### Your instructions
No picture belongs in the answer, which must hold exactly the lines from the one with "Un grupo de" through the final line below.

··· Data supplied ···

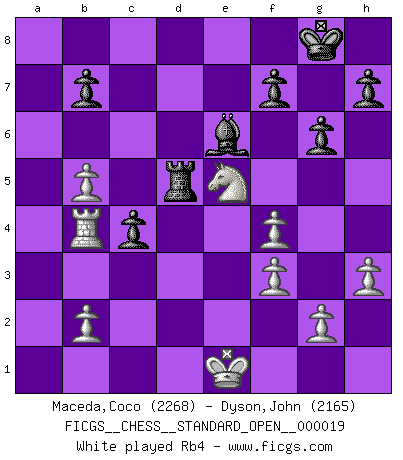 Last move : 1-0 2025 July 5 14:36:58 [Event "FICGS__CHESS__STANDARD_OPEN__000019"] [Site "FICGS"] [Date "2024.09.18"] [Round "2"] [White "Maceda,Coco"] [Black "Dyson,John"] [Result "1-0"] [WhiteElo "2268"] [BlackElo "2165"] 1.d4 d5 2.Nf3 Nf6 3.c4 e6 4.Nc3 a6 5.cxd5 exd5 6.Bg5 Be6 7.e3 Nbd7 8.Bd3 Bd6 9.Bf4 Nb6 10.O-O O-O 11.Qc2 Bxf4 12.exf4 Qd6 13.Ne5 c5 14.Nb5 axb5 15.dxc5 Qc7 16.cxb6 Qxb6 17.Qb3 b4 18.a3 Ne4 19.Qxb4 Qxb4 20.axb4 Nd2 21.Rfd1 Rxa1 22.Rxa1 g6 23.h3 Rc8 24.f3 Nc4 25.Bxc4 dxc4 26.Kf2 Rd8 27.Ke1 Rd6 28.Ra5 Rb6 29.b5 Rd6 30.Ra4 Rd5 31.Rb4 Rc5 32.Ng4 c3 33.bxc3 Rxc3 34.Nf6+ Kg7 35.Ne4 Rc2 36.g4 Bd5 37.Rd4 1-0 This chess game has been lost on time (started : 2024.09.18 8:15:47) Follow this game move after move (download)Chess problems demand from the composer the same virtues that characterize all worthwhile art: originality, invention, conciseness, harmony, complexity, and splendid insincerity. (Vladimir Nabokov) Im Internet Chess Club betrug mein Rating vorübergehend 3350 ELO-Punkte. (Sergej Karjakin) El Peón aislado arroja penumbra sobre todo el tablero. (Aaron Nimzovich) Lorsque vous vous retrouvez devant une position atroce, ne tendez pas un ultime piège dérisoire avec l'intention d'abandonner si l'adversaire le déjoue ! Faites-vous plutôt un devoir de résister comme si votre vie en dépendait. Jouez le coup qui vous déplairait au centuple si vous étiez dans la peau de votre tortionnaire ! If you work for a living, why do you kill yourself working ? (Tuco to a chicken in The Good, The Bad and The Ugly)
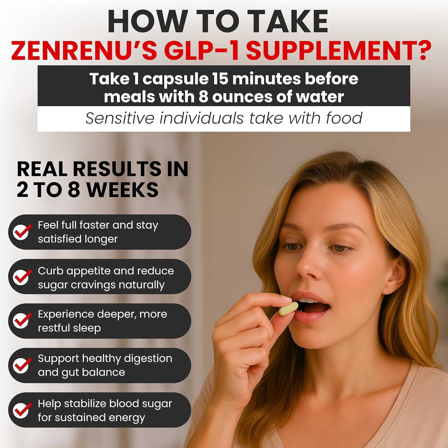 - Holistic GLP-1 Support: ZenRenu 11-in-1 is carefully formulated to promote optimal health by supporting natural GLP-1. This comprehensive blend of 11 key ingredients works synergistically to support metabolism and gut health to help to maintain overall wellness and vitality. Take 1 Capsule 15 minutes before meals.
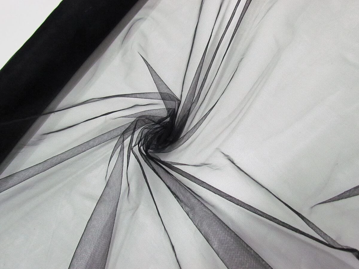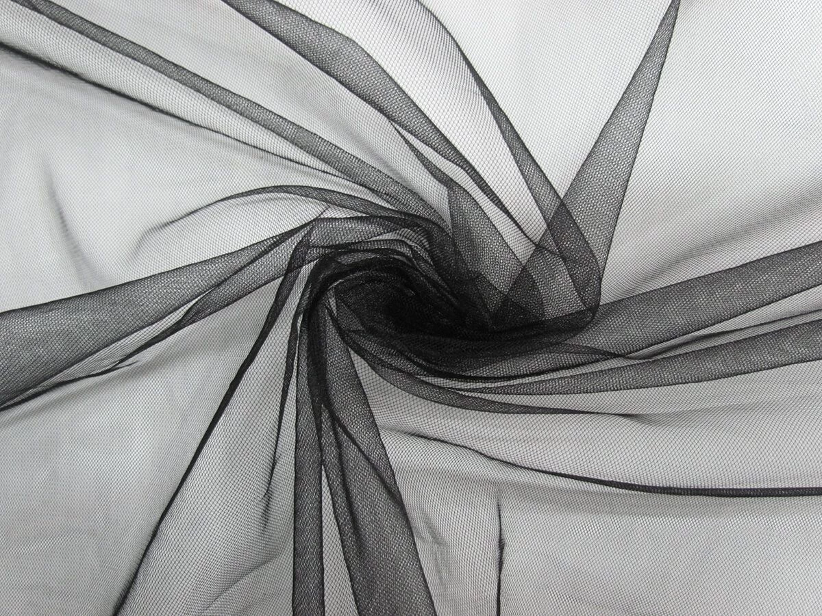 This black tulle is a very soft and light weight net fabric with a light degree of two way stretch. This tulle is very sheer, with one layer being barely visible with a subtle colour. However, when this tulle is layered or gathered it has a more opaque look and more concentrated colour. This tulle is ideal for use in various apparel, costuming and eveningwear applications.
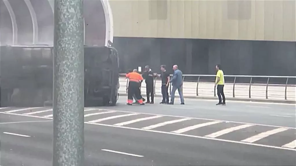 Un grupo de ciudadanos ayuda al conductor del camión a salir de la cabina
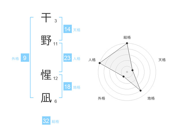 干野 惺凪さんの総格は32画の5点!

···

### Output of the task
 Un grupo de ciudadanos ayuda al conductor del camión a salir de la cabina
 干野 惺凪さんの総格は32画の5点!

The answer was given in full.